What the prices are relative to, of course, are those in the high-priced Dublin market and, say, remote cottages in places such as east Clare, where a derelict cottage on half an acre will cost from around £15,000 upwards.

In Wicklow/Wexford, a similar property will start from around £29,000-plus, with prices rising the closer you get to Dublin, according to estate agents such as Eileen Kinsella, of Kinsella Estates in Carnew/ Gorey/Baltinglass, and David Quinn, of A D Quinn in Carnew.

They both report that prices rise from around the basic £30,000 up to between £70,000 and £125,000 for a renovated county council cottage on half to one acre, depending on location and quality of finish.
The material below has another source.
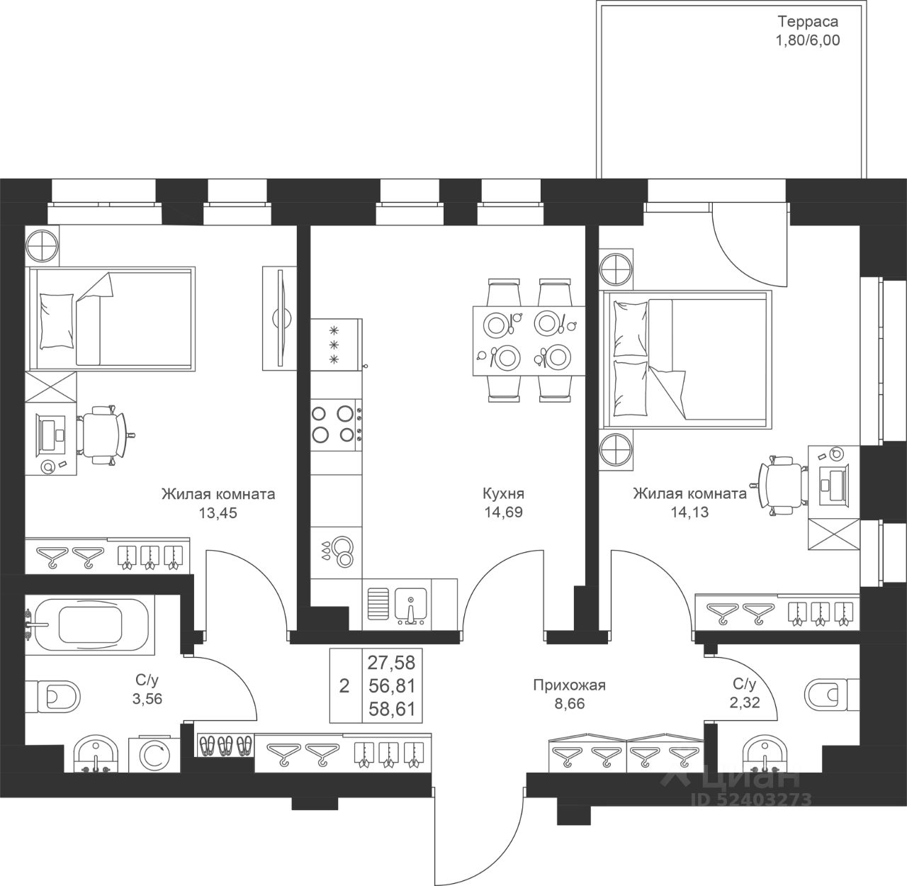 В проекте 2 отдельные комнаты для личного пространства домочадцев.

And location will probably have the greatest effect on price, with cottages with views of Wicklow/Wexford's beautiful rolling green hills commanding more than others.

Even more significant, however, is proximity to Dublin: properties around the pretty, quiet villages of Shillelagh, Tinahely and Aughrim, for example, will cost some £10,000 more than similar properties around Carnew, say both Ms Kinsella and Mr Quinn. And prices rise by the mile the closer you get to Dublin, adds Mr Quinn, with rural properties in the Ashford/Rathnew area being particularly expensive.

Obviously, it is an advantage being close to Dublin, whether you are in search of a weekend retreat or want to relocate permanently and commute to Dublin for work. But the main Dublin/Wexford road is now so much improved, it's worth considering looking a little further south than Ashford if you're trying to save a few pounds. Outside rush hour, it is an easy one hour run, for example, from Dun Laoghaire to Gorey, now that the Arklow bypass is open. In rush hour/ Friday evenings in summer, of course, it is a different story: even at 4.30 p.m. on a weekday evening, traffic heading south slows from around Kilmacanogue.

Indeed, if you're happy to have a Wexford retreat, you might save some money: many Dubliners are very fixed on the idea of the "bit of land in Wicklow" says Eileen Kinsella. In one extreme case, a buyer who was close to signing for a property near the Wicklow/Wexford border called off the deal when he realised his otherwise "dream" cottage had a Wexford postal address.

There is a great deal of interest, mostly from Dublin, in rural properties in Wicklow and Wexford, both from people one agent dubs "tyre kickers" (who will look at their fantasy cottages but never buy) through to those intending to move there to live full-time. Driving around the wonderfully isolated Wicklow/ Wexford border, up and down the gentle hills which yield many pretty views, Eileen Kinsella points to a neat cottage on half an acre bought by a couple who sold an ex-local authority house in Greystones to move here with their young family. Others who make the move for good include young professionals, sometimes people who can "tele-work" from their home in the quiet back roads of the countryside.

David Quinn reckons that the ratio of people buying permanent homes to those buying holiday cottages is about 70/30. But it is not young high-flyers buying holiday homes: it is much more likely to be a forty or fifty-something couple who have come into a lump sum, looking for a near derelict cottage for a modest price which they will do up little by little over a period of time, until they retire and move in permanently. In some cases, pre-retirement buyers try to reduce their working hours, so that they can turn every weekend into a long weekend. And some people, says Eileen Kinsella, are content to just have the land and may never do very much with the property.

She says that derelict cottages, the ones selling for relatively modest prices, are often the most popular, because they are affordable and fulfil that Dublin fantasy of doing-up-your-own-cottage perfectly. The other reason is that it may be easier to get planning permission to convert or refurbish, even tear down and rebuild, on a site with an existing structure - although under Wicklow County Council's strict planning regulations, this is not a foregone conclusion.

It is vital that you talk to the council before you start dreaming up plans for a site or a beautiful ruin: under Wicklow's regulations, even local people can find it hard to get permission to build, and Wexford County Council has recently started to tighten up its regulations too.